▶ Your task
From the entries below, print exactly the span beginning with the line holding "中國石油天然氣股份有限公司長" and ending with the line holding "23日(月)夜間から24日(火)早朝にか", endpoints included, and skip any pictures.
*** Opening Dataset extract ***
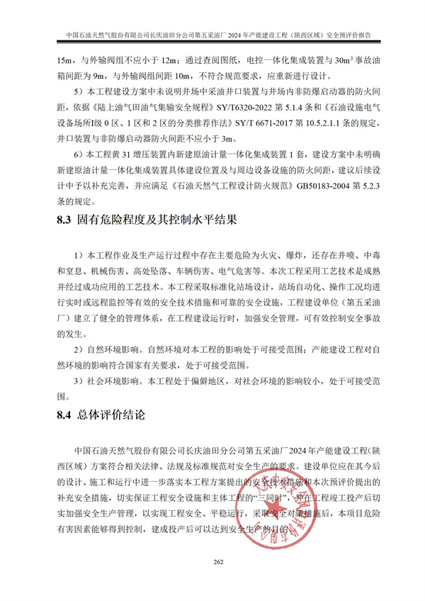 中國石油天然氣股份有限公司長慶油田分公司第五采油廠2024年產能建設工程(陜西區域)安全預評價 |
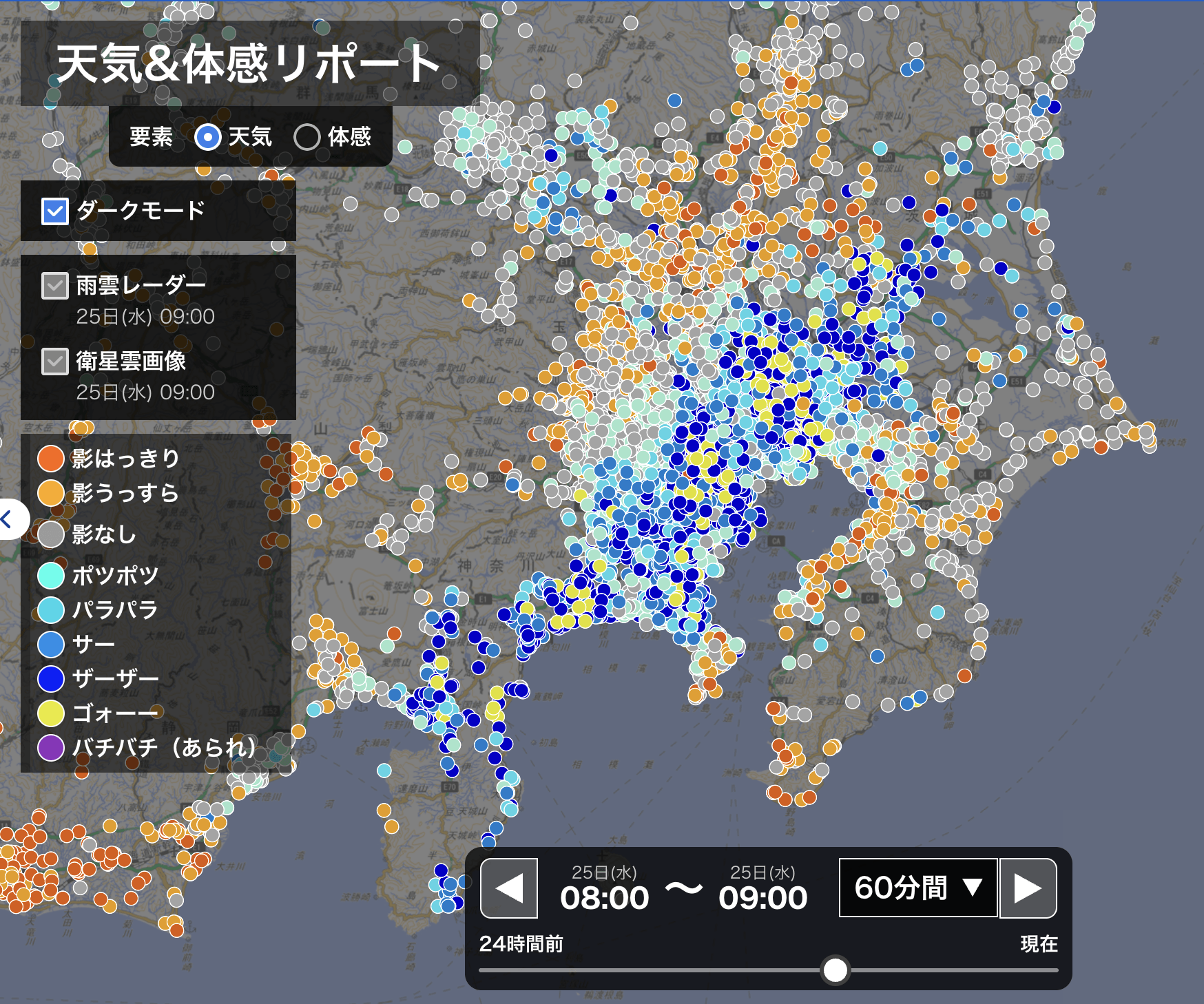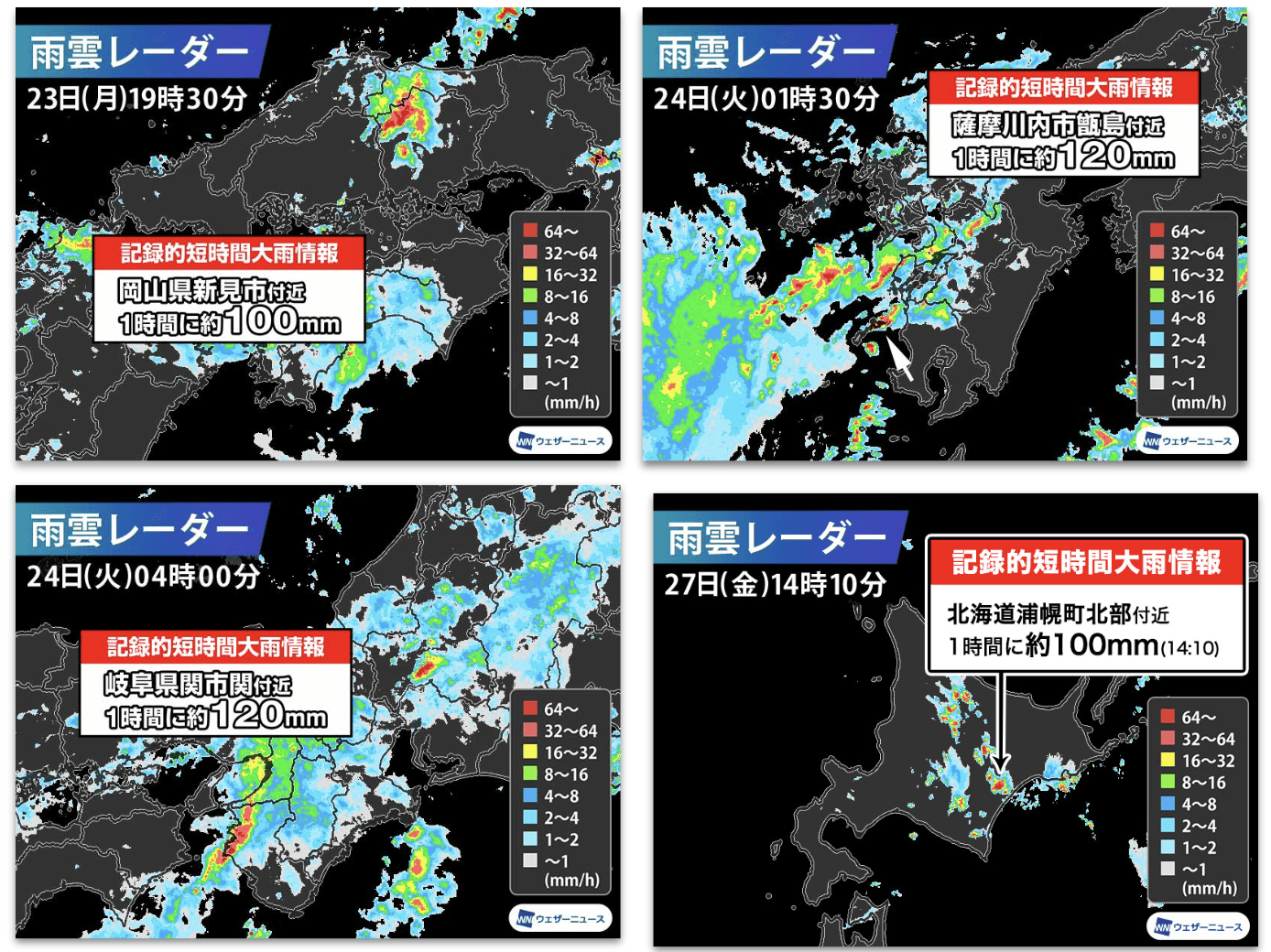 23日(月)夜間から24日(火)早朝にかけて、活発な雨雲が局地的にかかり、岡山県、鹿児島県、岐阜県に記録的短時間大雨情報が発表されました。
*** Closing Dataset extract ***
*** Opening Dataset extract ***
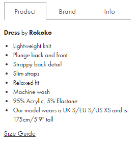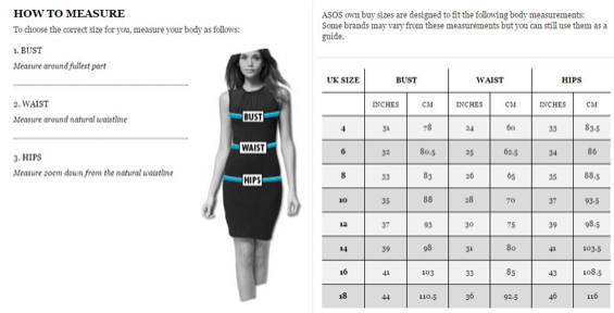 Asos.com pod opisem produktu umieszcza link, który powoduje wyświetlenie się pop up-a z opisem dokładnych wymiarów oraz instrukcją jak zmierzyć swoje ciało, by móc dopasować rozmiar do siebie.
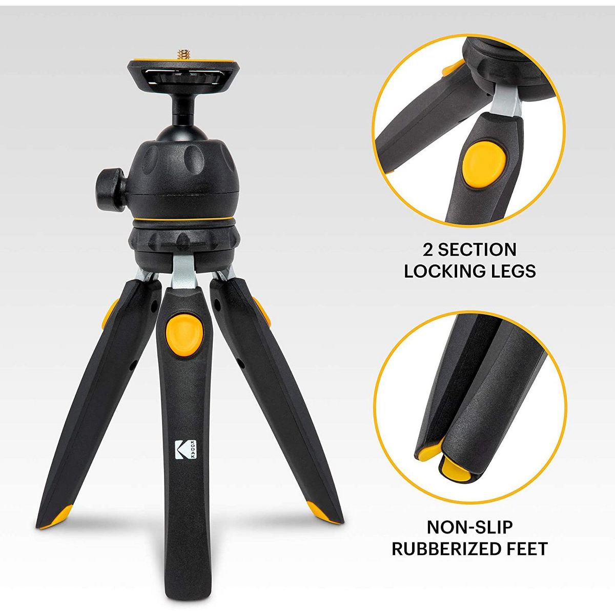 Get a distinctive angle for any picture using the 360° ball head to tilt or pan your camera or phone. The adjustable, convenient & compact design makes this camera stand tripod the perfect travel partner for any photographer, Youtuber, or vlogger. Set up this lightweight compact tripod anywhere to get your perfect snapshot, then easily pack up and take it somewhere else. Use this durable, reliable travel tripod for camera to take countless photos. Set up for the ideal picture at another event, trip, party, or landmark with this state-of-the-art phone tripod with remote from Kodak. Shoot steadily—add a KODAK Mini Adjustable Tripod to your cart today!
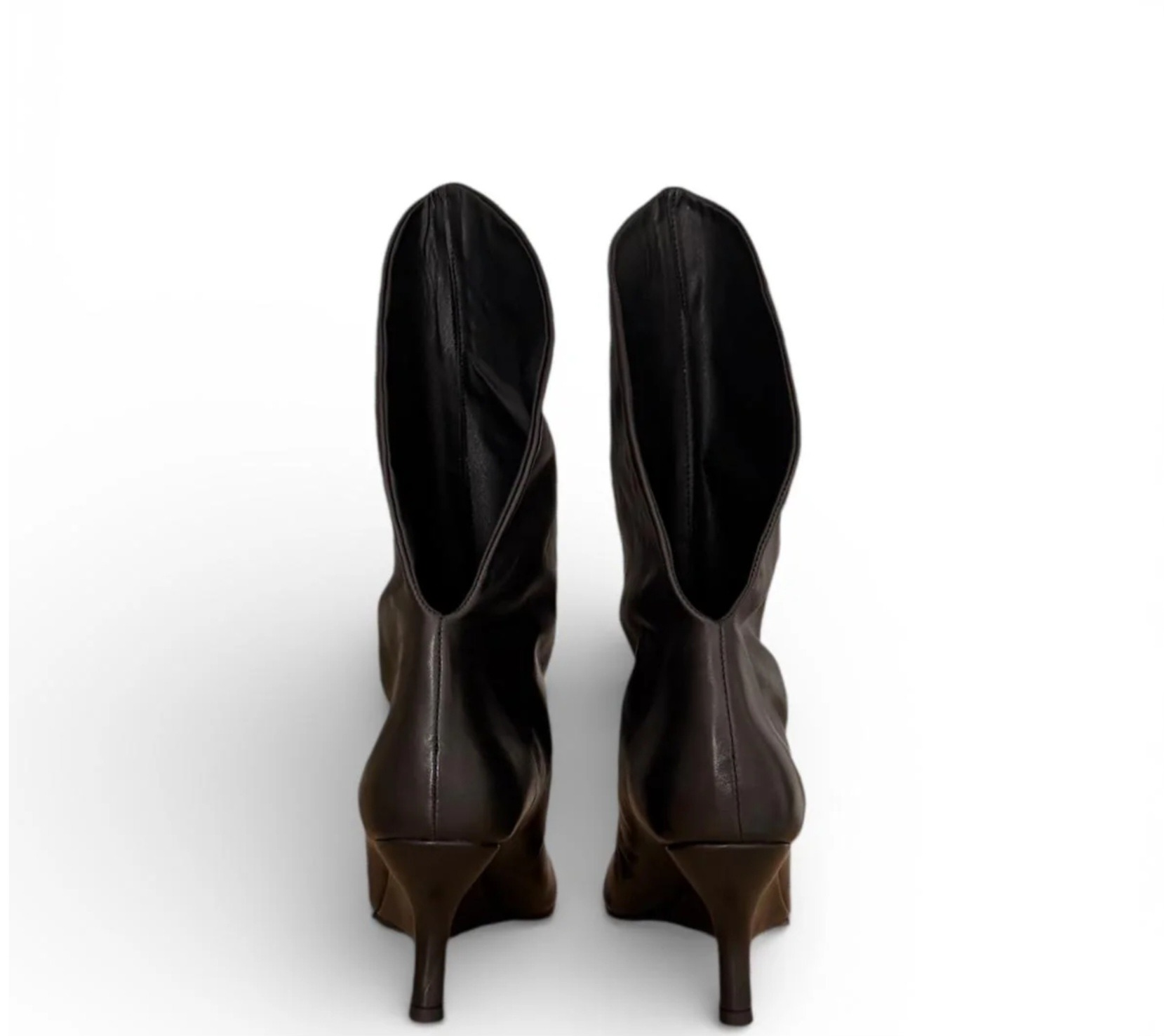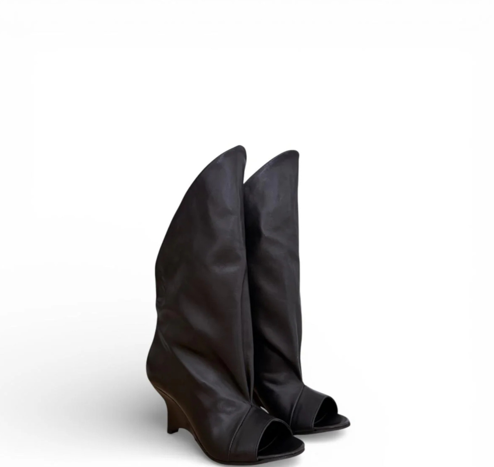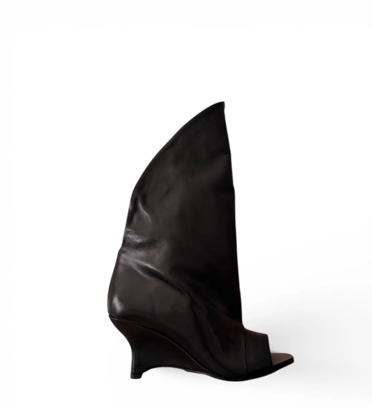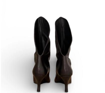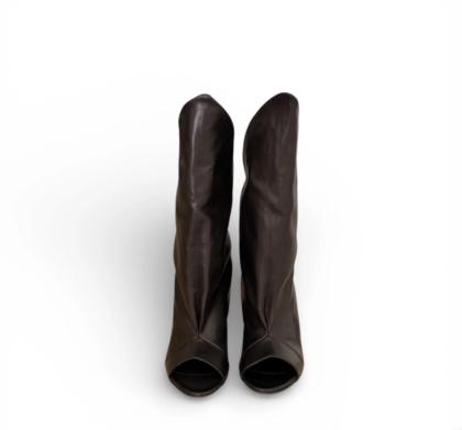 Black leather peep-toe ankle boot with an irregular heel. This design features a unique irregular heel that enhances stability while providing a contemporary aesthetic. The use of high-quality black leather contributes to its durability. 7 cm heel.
*** Closing Dataset extract ***
*** Opening Dataset extract ***
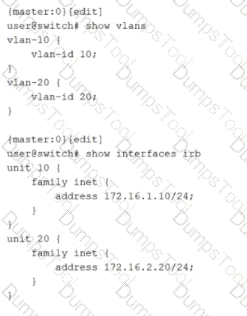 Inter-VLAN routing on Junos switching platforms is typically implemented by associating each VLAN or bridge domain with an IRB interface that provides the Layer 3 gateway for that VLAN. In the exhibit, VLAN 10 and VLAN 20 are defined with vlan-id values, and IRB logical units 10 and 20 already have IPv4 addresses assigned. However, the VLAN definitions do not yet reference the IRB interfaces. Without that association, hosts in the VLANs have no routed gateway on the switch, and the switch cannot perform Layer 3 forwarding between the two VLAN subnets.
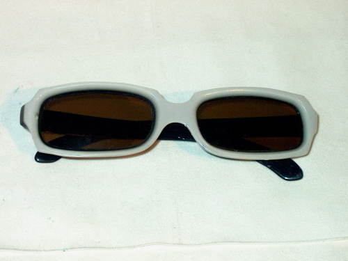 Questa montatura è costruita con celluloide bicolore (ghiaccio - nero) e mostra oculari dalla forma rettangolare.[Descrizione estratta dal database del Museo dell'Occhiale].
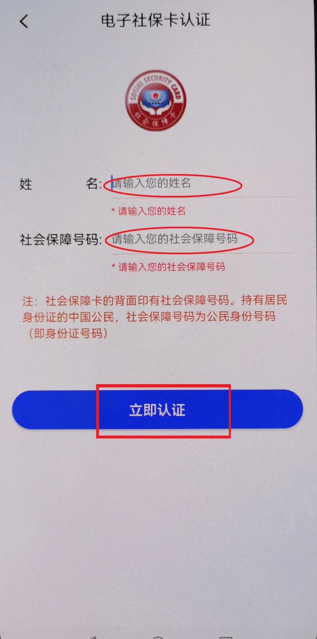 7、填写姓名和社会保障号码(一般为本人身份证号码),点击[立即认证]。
*** Closing Dataset extract ***
▶ Task output
 中國石油天然氣股份有限公司長慶油田分公司第五采油廠2024年產能建設工程(陜西區域)安全預評價 |
 23日(月)夜間から24日(火)早朝にかけて、活発な雨雲が局地的にかかり、岡山県、鹿児島県、岐阜県に記録的短時間大雨情報が発表されました。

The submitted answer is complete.